The actors we want to see in the remake of La Dolce Vita
Since the announcement of La Dolce Vita's remake, we muse on the contemporary talents who can take on this heavyweight
For better or for worse, a remake of La Dolce Vita is coming. Announced yesterday, filmmaker Federico Fellini's estate closed an option agreement with AMBI Group principals to do a remake of the 1960 comedy-drama. Considered to be one of the great classics, the film won the Palme d'Or at the 1960 Cannes Film Festival.
Andrea Iervolino, a principal of AMBI Group shared that the film will be set in a contemporary setting, and intends for it to be as award winning as the original. It'll stay loyal to the plot: a journalist's hedonistic pursuit of love and happiness in post-war Rome, flanked by liaisons with heiresses and movie stars while still living in the shadow of a destructive relationship.
While no further details have been announced, we can't help but gather a dream Hollywood cast for a possible English language remake.
Oscar Isaac as Marcello Rubini, a restless journalist
If you haven't heard of Oscar Isaac, you should be ashamed of yourself. Not only does he share Marcello Mastroianni's strong jaw and old-school good looks, Isaac has the acting chops to prove it. His talent's been simmering under the surface, but 2015's looking to be his breakout year.

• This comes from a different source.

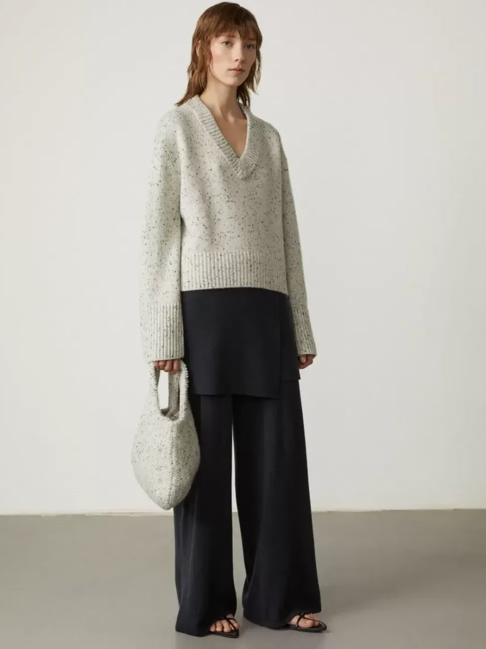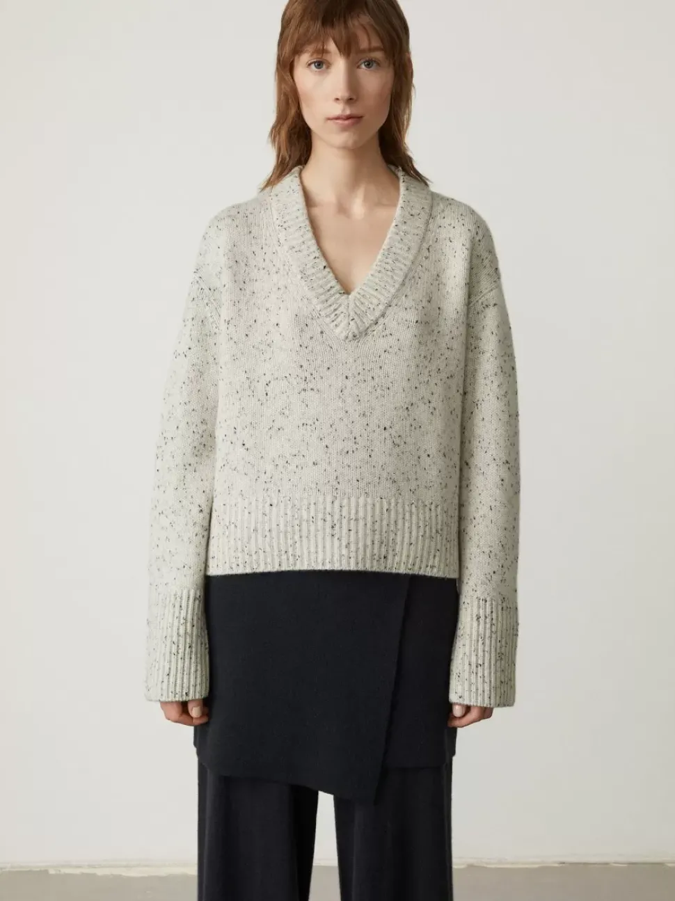 New In, The Aletta Sweater Has Been Reimagined In Our Speckled, Blended Cashmere In A Warming Grey Palette. Its Relaxed Silhouette Is Balanced By Extended Fisherman Ribbed Trims, Wider Extended Sleeves And Dropped Shoulders.

He's held his own as the talented but deadbeat singer-guitarist in the Coen Brothers flick Inside Llewyn Davis, and shows off his groovy gangster genius in Ex-Machina, which is showing this weekend at The Projector.
Jennifer Lawrence as Emma, Marcello's troubled fiancée
Lawrence's range just continues to astound us. As shown in the X-Men and Hunger Games series, she's helmed powerful characters with a strong sensuality. However, it's still her Oscar-winning performance as a raw, messed-up but determined widow in Silver Linings Playbook that remains the most memorable. Not only does she bear a striking resemblance to original actress Yvonne Furneaux, she'll give the character's desperation and hunger for affection a sense of magnetism and empathy.
Blake Lively as Sylvia, a Swedish-American actress
Cinema never tires of the blonde bombshell — svelte yet buxom, sexy yet silly, and a whole other list of walking contradictions that makes them the stuff of dreams and envy. Lively's made for the part of Sylvia, who stunned the world when she waded into the Trevi Fountain in the middle of the night after a walk around Rome with a kitten on her head. Lively's played such ethereal but flaky characters in the past — Serena in Gossip Girl and Adaline in The Age of Adaline — she'll slip into this role easily.
Rooney Mara as Maddalena, a beautiful heiress
Mara's steely gaze could bring men to their knees — as did Anouk Aimée in her breakout role as a worldly woman suffering from a serious case of ennui. Mara really commanded the screen in the scene where she expertly shut down Jesse Eisenberg's character, Mark Zuckerberg, in The Social Network. She's great at balancing internal infernos with a composed, deadpan nature, as seen in The Girl with the Dragon Tattoo and her recent effort, Carol — and she'll be great in relaying the subtleties that Maddalena depends on.